The Polar Bear has even been placed in a separate genus, Thalassarctos, a proceeding which is quite unnecessary. The white colour of this Bear tends to become browner with age. It is one of the few mammals which extend right round the pole; the Polar Bear is of course a purely Arctic animal. The chief food of the Polar Bear is Seal. Out of thirty Bears examined, Mr. Koettlitz found that only fifteen had animal remains in their stomachs, and these remains were invariably Seal. The animal apparently hunts by scent rather than by sight or hearing, both of which senses seem to be somewhat dull. The males and females wander separately, except of course during the breeding season. The Bears dig holes in which they may remain for some time, but there is no hibernation. In Pleistocene times, the Polar Bear extended as far south as Hamburg. The female has four mammae, pectoral in position.
Melursus includes only M. labiatus, the Sloth Bear of India. This animal has an upturned snout, which is described as closely resembling that of Mydaus, the Teledu. The snout has no groove.
All Bears are largely vegetarian and insect feeders; but this Bear is especially so. It delights in the nests of Termites, and its energy in destroying these hills for the sake of their inhabitants is so great that the name of "sloth" appeared to Sir Samuel Baker to be an entire misnomer.
Aeluropus, a rare Carnivore with but one species, A. melanoleucus, is not inferior in size to the Brown Bear, and is distinguished by its largely white coloration.
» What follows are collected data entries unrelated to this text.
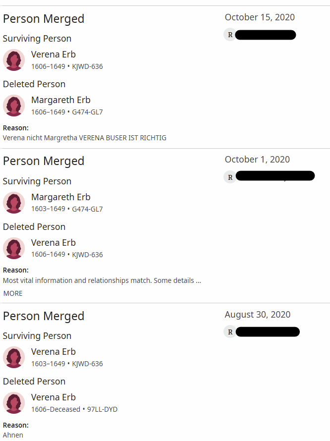 I am having a problem with Verena/Margreth Erb KJWD-636. Somewhere that I can't find her name changed from Verena to Margareth in the dozens of merges. If you look on Hans Erb GHPZ-W6Z Verena Erb chr 1606 (KJWD-636) was added as a child, which is correct. Then somewhere her name was changed to Margareth and birth date to 1603 with same ID number. She was then deleted from Hans and Elsbeth Bachmann Erb because Margareth 1603 does not belong. However I can not restore her with her correct information because she no longer exists. There are several notes on This Hans Erb and also on the Hanns Erb (L8Y7-7CS) married to Verena Steiner, which is where Margareth belongs. I need to add Verena Erb back on the family of Hans Erb and Elsbeth Bachmann K8HZ-753. Verena was Christened 31 Oct 1606 in Rothenbach Im Emmental, Bern, Switzerland. Her Baptism was 21 Oct 1970 IFALL, Endowment 29 Jan 1971 IFALL, sealed to parents 17 Apr 1971 IFALL. Can You do this on your end so we don't lose the ordinance dates? Thanks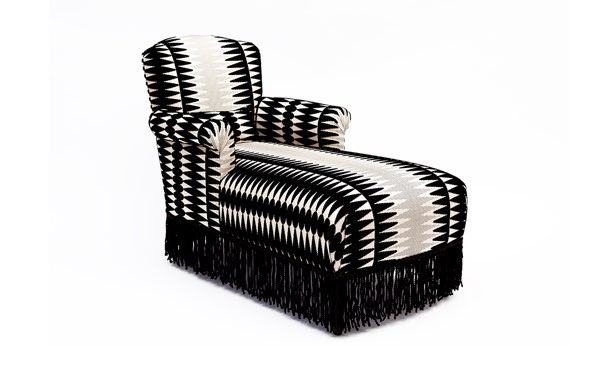 Chaise longue con estampado de rombos y círculos en blanco y negro. Llama la atención el acabado desflecado de Catherine.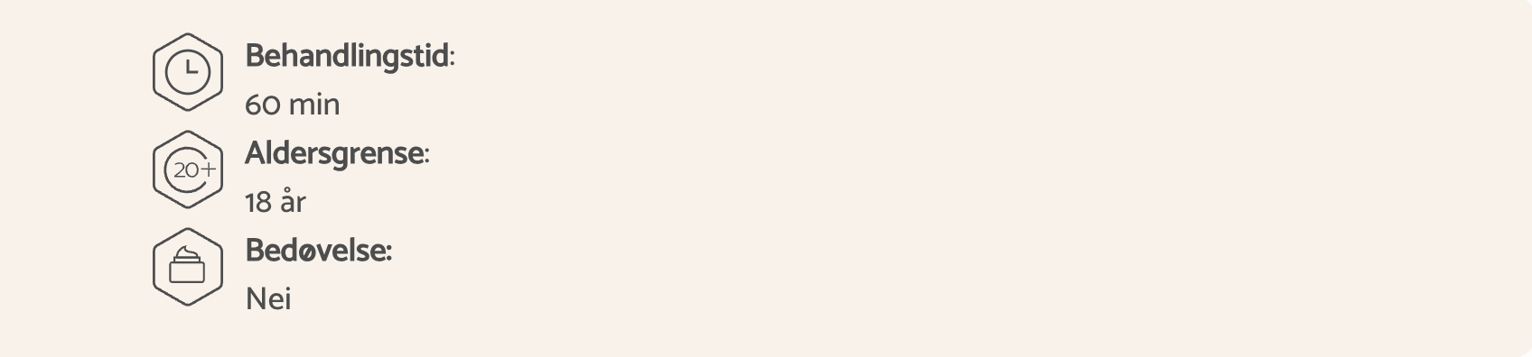 Behandlingen skreddersys etter dine behov, og noen av resultatene er synlige umiddelbart. Behandlingen krever ikke konsultasjon i forkant, men dette kan likevel være en god idé om det er første gangen du utfører behandlingen, slik at du sammen med terapeuten din får planlagt det beste behandlingsforløpet for nettopp din hud.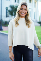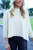 Oversized boxy sweater with fitted rib turtleneck & 3/4 sleeves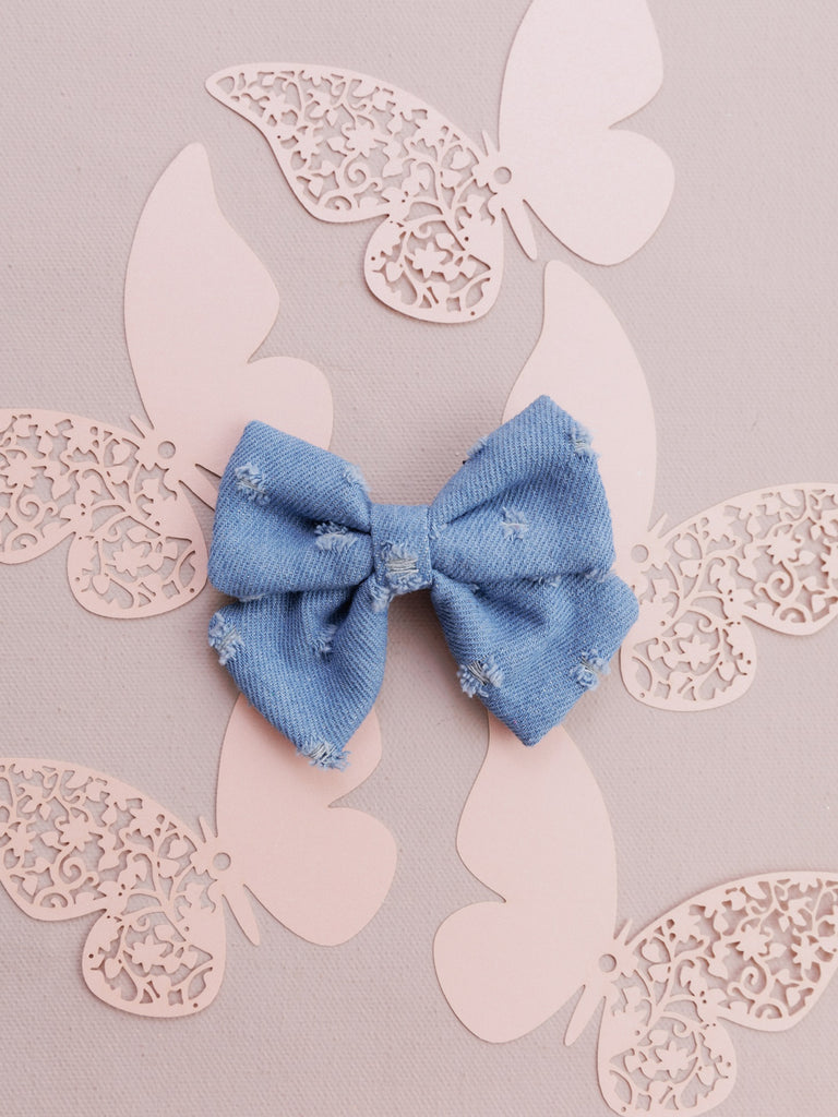 Ripped Denim Alligator Bow Hair Clip- Blue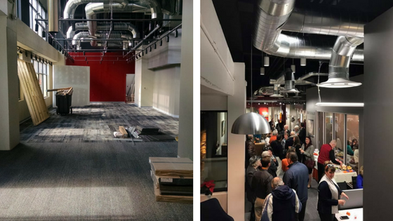Earlier this month, with much excitement, we reopened our Kent office. We couldn't think of a better way to start off 2017, as we celebrate our 70th Anniversary as a company. For Cutler, the opening of this space in revitalized downtown Kent holds high hopes and anticipation for yet another momentous year. Our new space, touting modern décor with pops of our signature Cutler orange, is similar to that of our Downtown Wooster, New Albany and Powell offices. Visitors walk into a space unlike any real estate office they've ever seen. What makes this office unique is that it shares space with Group Ten Art Gallery, a group of local co-op artists.   A before/after shot of our Kent office! Visitors can expect to be warmly greeted by the Stow office manager, Shirley Chimento and a smiling Administrative Assistant.  Our Realtors and guests are able to easily conduct business in an open concept work environment. To the left of the office entrance, visitors are engulfed into a world of eclectic works of local art. Art is not what typically comes to mind when thinking about a real estate office. However, in Kent the two spaces effortlessly collide into one wonderful space of creativity and business. Essentially at this office, once you sign the papers to purchase your new home you can then purchase a piece of art for your new home!   #CutlerLovesKent On behalf of Cutler Real Estate, we would like to thank the city of Kent, Mayor Fiala and Lori Wemhoff, Director of Kent Chamber of Commerce for celebrating with us in the Grand Reopening of our new office. The city of Kent has been an incredible location for Cutler Real Estate since 2005 and we truly appreciate the city for its ongoing support of our mission to simplify the complicated real estate transaction, while creating an exciting and enriching experience. Our Kent office sits at the corner of Erie and Haymaker nestled beside the Kent State University campus in the newly revitalized downtown Kent. The office is open daily from 8am to 5pm.
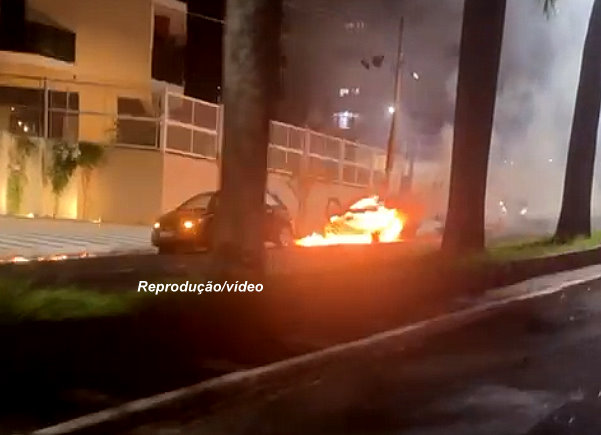 Por motivos que ainda estão sendo apurados, o automóvel (um Siena), estacionado na frente de um edifício residencial, começou a pegar fogo também pelo motor.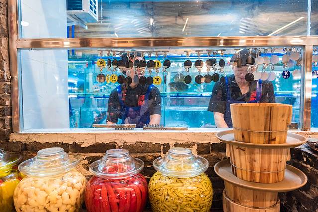鹅卵石煮鱼,在没来之前觉得很奇怪,当自己来了才明白,这种新型的吃鱼方法,必然会引领成都新一轮美食潮流。里的鱼都养在透明的柜里,从店内和店外都能随时看到鱼的情况;厨房采用半开放式设计,让游客可以亲眼看到活力十足的鱼摆摆被当场宰杀削片,保持了最鲜美的口感。

It was discovered in the mountains of East Thibet by Père David, and described by Milne-Edwards[[304]] as a distinct and new genus, the discoverer himself having named it as a species of Ursus. It is a vegetable-feeding creature and bulky in form, with a rudimentary tail and a short broad head; in fact, more like a Bear than a Procyonid (with which group it is placed by some). The width of the head, however, is greater than in any other Carnivore; it is most closely approached in this by Aelurus and by Hyaena. The molar formula is Pm 4/3 M 2/3. The soles are hairy. There is no alisphenoid canal. The molars are especially large and multicuspid.
Fig. 226.—Aeluropus melanoleucus. × 1⁄12.
Fossil Ursidae.—The genus Ursus itself goes back to Pliocene times. The well-known Cave Bear, Ursus spelaeus of
Pleistocene times, was one of the commonest of Carnivorous creatures during the very early times of the present era. It was as huge as a Polar Bear or a Grizzly. The skull is remarkable for the fact that the first three premolars, which are small in all Bears, dropped out early in life. An immense number of names have been given to what are in all probability the same species as this Cave Bear of remote antiquity.
Hyaenarctos is the oldest genus of true Ursidae. It goes back into Middle Miocene times, and ranged over Europe and North Africa.
Arctotherium is an American genus of Pleistocene times. The likeness of some of the extinct Canidae to Bears has been already commented upon.